The U.S. Court of Appeals for the Eighth Circuit recently held that the requirements for the federal Class Action Fairness Act ("CAFA") were met and the matter was properly removed to federal court, where the plaintiffs could not "establish to a legal certainty" that their claims were for less than the requisite amount.
A copy of the opinion is available at: Link to Opinion
The plaintiff insureds ("Insureds") purchased automobile insurance from the insurer ("Insurer").
The Insureds' policies required deductible payments of $100 for medical expense payments and $200 for economic loss payments. Both policies provided only the minimum coverage required by Minnesota law: $20,000 for medical expenses, and $20,000 for economic losses.
The Insureds both suffered covered losses and incurred more than $20,100 in medical expenses as a result. Because their policies included the $100 deductible for medical expense payments and a maximum coverage of $20,000, each insured received a payment of just $19,900 from the Insurer.
The Insureds subsequently filed suit in Minnesota state court alleging that the Insurer's practice of selling policies with deductibles which reduced benefit payments below $20,000 for medical expenses and for economic losses violated Minnesota law. The Insureds sought to represent a class of all similarly situated individuals.
The Insurer timely removed the case to federal court, and the Insurers moved to remand to state court on the ground that CAFA's jurisdictional requirements were not met because the amount in controversy did not exceed $5,000,000. After the trial court denied the motion to remand, the Insurer moved to dismiss the case for failure to state a cause of action, which motion was granted. The Insureds appealed.
On appeal, the Insureds first argued that the trial court should have remanded the case to state court because it lacked jurisdiction because the requirements of CAFA were not met.
As you may recall, under CAFA, federal courts have original jurisdiction over class actions "where, among other things, 1) there is minimal diversity; 2) the proposed class contains at least 100 members; and 3) the amount in controversy is at least $5 million in the aggregate."

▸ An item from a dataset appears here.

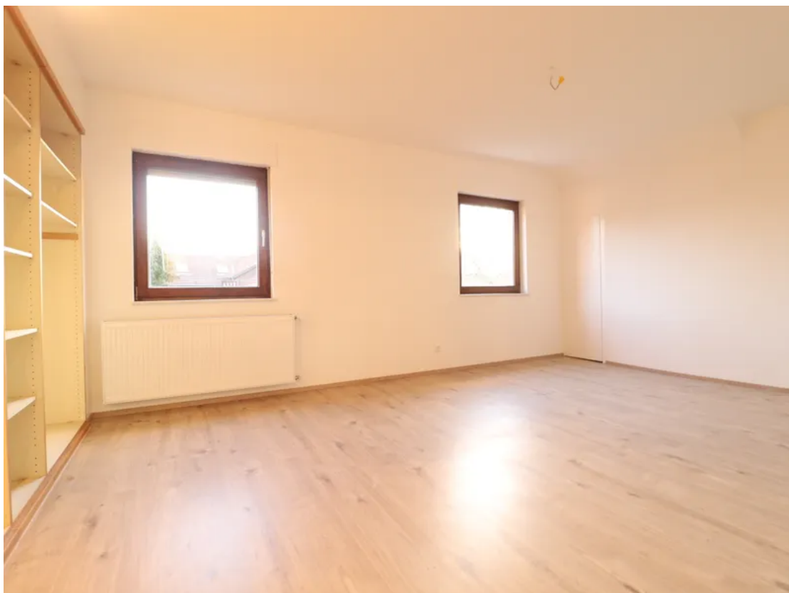
Schlafzimmer - Ansicht 2

The Insureds argued that the trial court erred when it determined that the amount in controversy exceeded $5 million because as plaintiffs were "the master of the complaint," and the trial court therefore should have restricted its analysis of the amount in controversy to what could be recovered by the class of individuals identified in the complaint, which was only individuals who had actually made claims for covered losses and were paid less than the statutory minimum.
The Insurer stated some six hundred individuals fell within that class. However, when the trial court calculated the amount in controversy, it relied on premiums collected on all the Insurer's policies which included the challenged deductibles, regardless of whether the policyholders had made claims which led to application of the deductibles. The Insureds argued this figure was overinclusive.
In ruling against the Insureds, the Eighth Circuit first noted that where the party seeking to remove has shown CAFA's jurisdictional minimum by a preponderance of the evidence, "remand is only appropriate if the plaintiff can establish to a legal certainty that the claim is for less than the requisite amount."
The Eighth Circuit then held that the Insureds "failed to show that it is legally impossible for them to recover more than $5,000,000. While they put [the Insurer's] sales practices at issue and seek a refund of their premium payments, they have not offered evidence to establish the amount they collectively paid in premiums. Without such information, we cannot determine whether it would be legally impossible for them to recover $5,000,000. We therefore conclude that the district court properly denied the motion for remand."
The Eighth Circuit also affirmed the trial court's ruling granting the Insurer's motion to dismiss, finding that the Insured did not allege a violation of the Minnesota No Fault Act.